W3C home > Mailing lists > Public > public-appformats@w3.org > January 2008

Re: FAQ & Use Cases

From: Thomas Roessler <tlr@w3.org>
Date: Wed, 16 Jan 2008 23:51:12 +0100
To: Jon Ferraiolo <jferrai@us.ibm.com>
Cc: Anne van Kesteren <annevk@opera.com>, "WAF WG (public)" <public-appformats@w3.org>, public-appformats-request@w3.org
Message-ID: <20080116225112.GA1384@iCoaster.does-not-exist.org>

On 2008-01-16 11:44:11 -0800, Jon Ferraiolo wrote:

> I appreciate the attention that the WG has put into trying to
> promote a secure approach to deliverying POST requests, but IMO
> it would be better to pursue a different technical strategy, such
> as what we see in JSONRequest or something derivative of that.
> With JSONRequest, POSTs are allowed without requiring a prior GET
> (or HEAD or OPTIONS). JSONRequest also can be made available via
> a JavaScript implementation that works in today's browsers. 

The JSONRequest proposal is here:

  http://www.json.org/JSONRequest.html

A key element of that proposal is:

  In making the request, no HTTP authentication or cookies are sent.

That is most notably *not* true of the JSON-based techniques that
are used to perform cross-site data access at this point, i.e.,
injecting <script> tags into the DOM that then invoke a callback.

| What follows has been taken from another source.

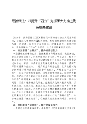 经验做法:以提升四力为抓手大力推进勤廉机关建设2023年,我局坚持以XXX新时代中国特色社会主义思想为引领,全面深入贯彻党的XX大精神,积极探索勤廉机关建设新思路、新举措,以提升政治引领力、防腐免疫力、制度约束力、服务保障力四力为抓手,大力推进勤廉机关建设。一、拧紧思想总开关,提升政治引领力一是强化政治理论武装。将勤廉教育与思想政治、党的知识、业务政策紧密结合,利用党组理论中心组、党员大会、机关干部会等多种形式深入学习XXXXXX关于全面从严治党重要论述和中央、省委、市委有关党风廉政建设的文件精神,提高干部队伍拒腐防变能力。二是严肃党内政治生活。认真执行《关于新形势下党内政治生活的若干准则》,严格落实三会一课、民主评议党员等制度,注重发扬党内民主、保障党员权利,用好批评与自我批评这个武器。深化运用监督执纪的四种形态特别是第一种形态,及时发现和纠正苗头性、倾向性问题。三是打造勤廉文化阵地。把廉洁文化融入机关建设,以军旅文化、红色文化、廉洁文化三大文化主体打造军字特色的廉洁文化品牌。利用电子显示屏播放勤廉机关建设宣传标语,在办公大楼楼道、走廊等位置悬挂廉政警句、名言典故,收集廉洁文化书籍,在办公楼一楼精心打造勤廉书屋,办公电脑设置廉政桌面,让廉洁文化元素随处可见、润物无声。二、念好廉洁紧箍咒,提升防腐免疫力一是常态化开展廉洁教育。层层签订《党风廉政建设责任状》和《廉洁自律承诺书》X份,更新完善干部廉政档案X份,确保全面从严治党各项工作落到实处。开展《涵养良好家风筑牢廉洁防线》廉政党课,及时传达学习X纪委监委关于党员干部违规违纪的通报文件,使党员干部明纪律、知底线。二是发挥红色资源育人功能。充分借助X内独特红色资源优势,利用好X纪念馆、X等红色教育基地,组织机关党员干部参观学习,深切缅怀革命先辈的丰功伟绩。通过沉浸式体验感悟红色文化,增强廉洁自律信念。三是开展多形式警示教育活动。组织党员干部到X廉溪馆接受教育、观看反腐倡廉警示教育片、进一步增强机关党员廉洁从政意识和法纪观念,始终绷紧廉洁这根弦,营造警钟长鸣的廉政氛围。三、筑牢纪律防火墙,提升制度约束力一是全面压实责任链条。健全一把手负总责,分管领导各负其责,各股室负责人齐抓共管的领导体制和工作机制,将党风廉政建设与业务工作同部署、同落实、同检查,每半年召开一次党风廉政建设专题会,分析研判制定党风廉政建设工作。二是完善廉政风险防控机制。认真贯彻民主集中制,落实三重一大事项集体决策制度,主动邀请派驻纪检监察组全程监督,确保决策的科学化、民主化。开展廉政风险大排查X次,梳理存在的薄弱环节和潜在的风险点X个,同时以廉政风险提醒卡的形式张贴在各办公室醒目位置,时刻提醒机关干部注意廉政风险防范,为权力行使安全、资金运用安全、干部成长安全提供有力保障。三是强化日常监督管理。坚持严管厚爱,加强干部八小时外的监督管理,对干部全覆盖开展政治家访。开展六一家庭助廉活动,邀请X名干部子女读廉文,书写廉洁书签,同时发放家庭助廉倡廉书X份,引导干部家属当好守门员和廉内助,通过小家廉洁助推单位清廉。四、锤炼实干硬作风,提升服务保障力一是加强服务建设。组织各乡镇服务专干开展每月工作例会和业务技能大比武,实现服务人员基本情况一口清、业务政策问不倒。局党组定期到服务大厅督查检查及各服务站指导工作,坚决杜绝以权谋私、假公济私、吃拿卡要等问题,确保严格按照工作程序办事,积极践行为退役军人及优抚对象服务承诺,树立公正、清廉的良好退役军人队伍形象。二是优化服务流程。持续推进一件事一次办联办工作机制,针对退役报道、补助发放、社保关系转接等X个方面事项,实行一窗受理,内部流转,一次办结,只跑一次的全流程服务。主动探索完善安置办法,积极协调安置岗位及编制,通过双向选择+跟班见习方式提高人岗匹配度,实现部队、接受单位、安置对象三满意。2023年,圆满完成X名符合政府安排工作条件的退役军士选岗任务。三是强化服务当担。深化我为群众办实事实践活动,积极打造双拥一条街、拥军商城等双拥品牌,发展拥军门店X余家,为广大军人军属、退役军人、优抚对象提供高质量的优惠优待服务。依托X云平台,免费为企业、退役军人搭建供需平台,帮助X余名退役军人及军人家属解决就业。在今后的工作中,我们坚持将勤廉机关建设变成机关党员干部的自觉行动,增强机关党员干部廉洁从政意识,规范廉洁从政行为,引导党员干部发挥先锋模范作用,提升为民服务责任感,切实打造忠诚、廉洁、担当的干部队伍,不断推动退役军人工作高质量发展。
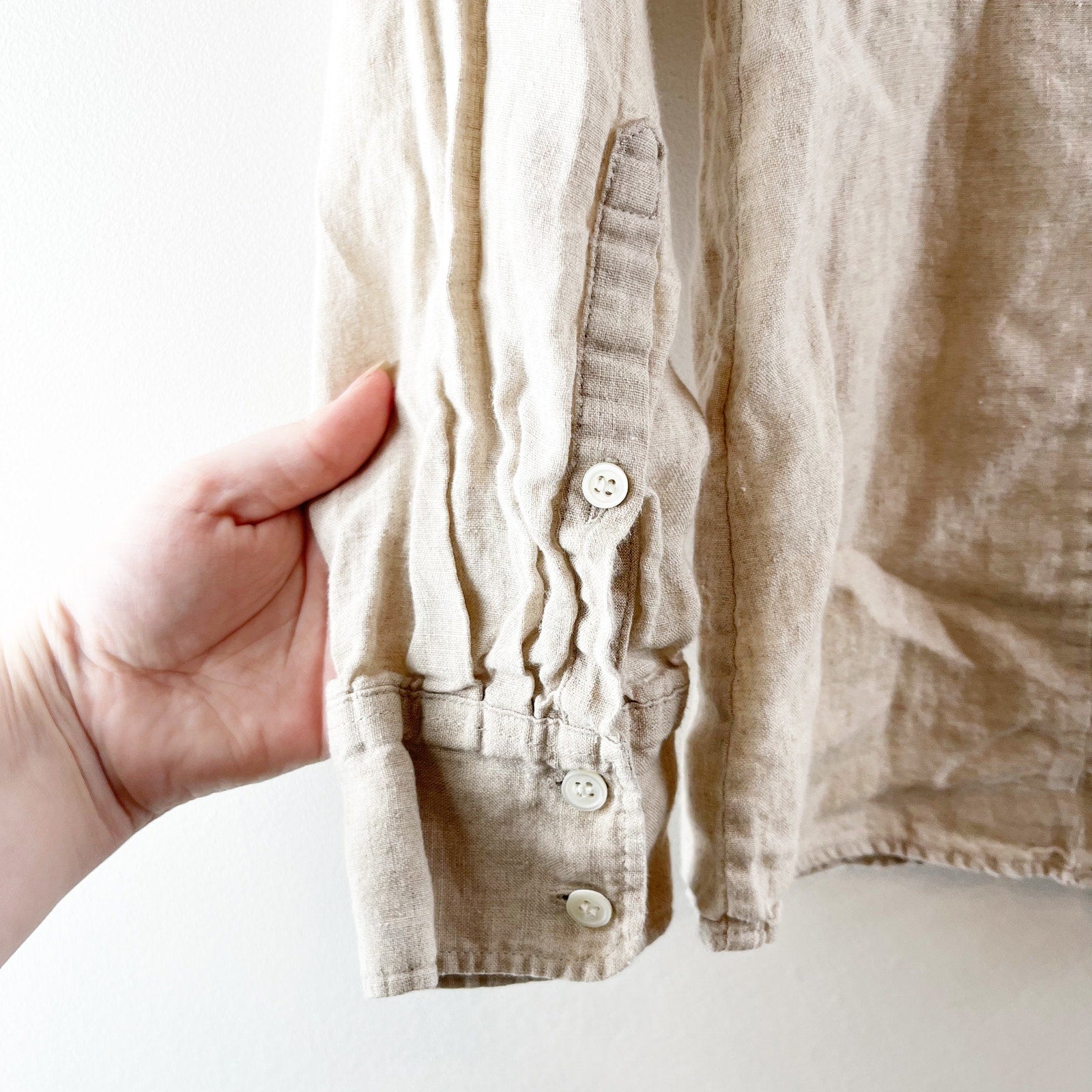 long sleeve, button closure, collared neck, curved hem. solid, linen, casual, business, work, career, button-up, shirt, top, beige

So, I'm surprised by your claim that this proposal can be
implemented in today's browsers

> Where did the idea of user-specific widgets come from, anyway?
> IMO, that would be a very, very low priority (approaching zero).

I'd disagree strongly with that, on a requirements level -- there
are numerous widgets (in the sense of desktop widgets) that actually
deal with user-specific resources, such as your inbox.  There are
also web-based widgets that deal with user-specific resources, e.g.,
when you have a view of your webmail inbox and calendar on your
search engine's start page.

> There are other approaches to sending data to a 3rd party domain
> that are more secure and still achieve the same result. Once
> again, JSONRequest does not send cookies. I assume that Doug
> Crockford assumes that authenticated information (if necessary)
> would come from be sent with the payload (rather than via
> cookies), which means that if domain FOO wants to upload data to
> domain BAR, then domain FOO's web page would require the user to
> someone enter their BAR authentication information (which could
> be stored in FOO's cookies, not BAR's cookies). With such an
> approach, the user will be told by FOO's web page that this web
> page needs his BAR account information, so the user gets to
> opt-in to allowing the cross-site POST, instead of the current
> approach in Access Control where cookies (potentially with
> credentials) are always sent without the user being aware.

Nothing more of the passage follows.